Keep us informed with pics as you build them, please! :thumbsup:

Thanks,
Carl-


----------



## Captain Han Solo (Apr 5, 2002)

hal9001 said:


> Cap', I particularly like the way you did the 'drapes'! That adds that extra touch that helps bring extra detail interest.
> 
> Yes, the tracks do need scratch building. The only aftermarket ones are _horrible_. I purchased some and returned them to the seller. Other than time consuming the tracks aren't really that complicated to build and will also add that 'extra detail' interest.
> 
> ...


Many thanks guys!

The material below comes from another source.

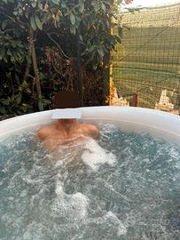 vasca idromassaggio lay z spa perfettamente funzionante come si vede dalla foto è stata riparata e non ha nessun problema è stata usata questa estate fino alla metà di settembre per chi fosse interessato vendo anche il tappeto per 25 euro, quello che si vede in foto per evitare forature quando viene riempita

Carl, no worries my friend, I'll post the pics when I am finished!


----------



## ChrisW (Jan 1, 1970)

Very nice!


----------



## Captain Han Solo (Apr 5, 2002)




----------



## hal9001 (May 28, 2008)

CHS, I don't know if I should ask this or not, but what happened to the center of the starboard tracks? Did it not line up with the drive sprockets? Reason for asking I've not build one of these yet and wanted to know if it's something I needed to watch out for.

Carl-


----------



## Captain Han Solo (Apr 5, 2002)

hal9001 said:


> CHS, I don't know if I should ask this or not, but what happened to the center of the starboard tracks? Did it not line up with the drive sprockets? Reason for asking I've not build one of these yet and wanted to know if it's something I needed to watch out for.
> 
> Carl-


Carl, it lines up fine. However when you "roll" the model they do tend to slip a little, which is what happened to me. It's easy to adjust them again, I just didn't. Sometimes I leave little things like that to clarify it's my work. Even with those annoying water marks, I have found my stuff on the net being claimed by someone else.Those tracks are going in the trash anyway.:thumbsup:

I rolled it on the base to get the Track impressions in the groundwork I Made, to make the Diorama look real. The new Tracks will not "roll" and will remain stationary, which is fine by me as this build is a model and not a toy.


----------



## Nova Mike (Apr 26, 2009)

Awesome build so realistic :thumbsup: thanks for sharing it Capt.


----------



## Captain Han Solo (Apr 5, 2002)

Nova Mike said:


> Awesome build so realistic :thumbsup: thanks for sharing it Capt.


Sincere thanks Nova!


----------



## Captain Han Solo (Apr 5, 2002)

One more Picture in the spirit of the first season...


----------



## Captain Han Solo (Apr 5, 2002)




----------



## hal9001 (May 28, 2008)

I rolled it on the base to get the Track impressions in the groundwork I Made to make the Diorama look real. The new Tracks will not "roll" and will remain stationary said:


> _Be honest here__ Capt'_, when you rolled it around on the base did you go...varuuuum, varuuuum? Something tells me I should bet you did!! :lol: That's easier to say than, clankety, clankety clank, clank....
> 
> Carl-


----------



## psquinn (Feb 23, 2009)

Totaly amazing!! The attention to detail is spot on!! Makes me want to watch some first season episodes. Thanks for the inspiration!


----------



## Captain Han Solo (Apr 5, 2002)

psquinn said:


> Totaly amazing!! The attention to detail is spot on!! Makes me want to watch some first season episodes. Thanks for the inspiration!


Many thanks sir...


----------



## Tim Nolan (Jul 9, 2008)

Moebius knocked it out of the park having this kit done, and so have you in your usual superb constructin Mark. It's one of my very favorite models! (other than the Jupiter 2) Always enjoy looking at your work, never disappoints. :thumbsup:


----------



## Captain Han Solo (Apr 5, 2002)

Tim Nolan said:


> Moebius knocked it out of the park having this kit done, and so have you in your usual superb constructin Mark. It's one of my very favorite models! (other than the Jupiter 2) Always enjoy looking at your work, never disappoints. :thumbsup:


Many Thanks Tim!


----------



## woof359 (Apr 27, 2003)

mine was going fine untill I got to the clear top and doors, not lining up very well


----------



## John P (Sep 1, 1999)

woof359 said:


> mine was going fine untill I got to the clear top and doors, not lining up very well


Same here.


----------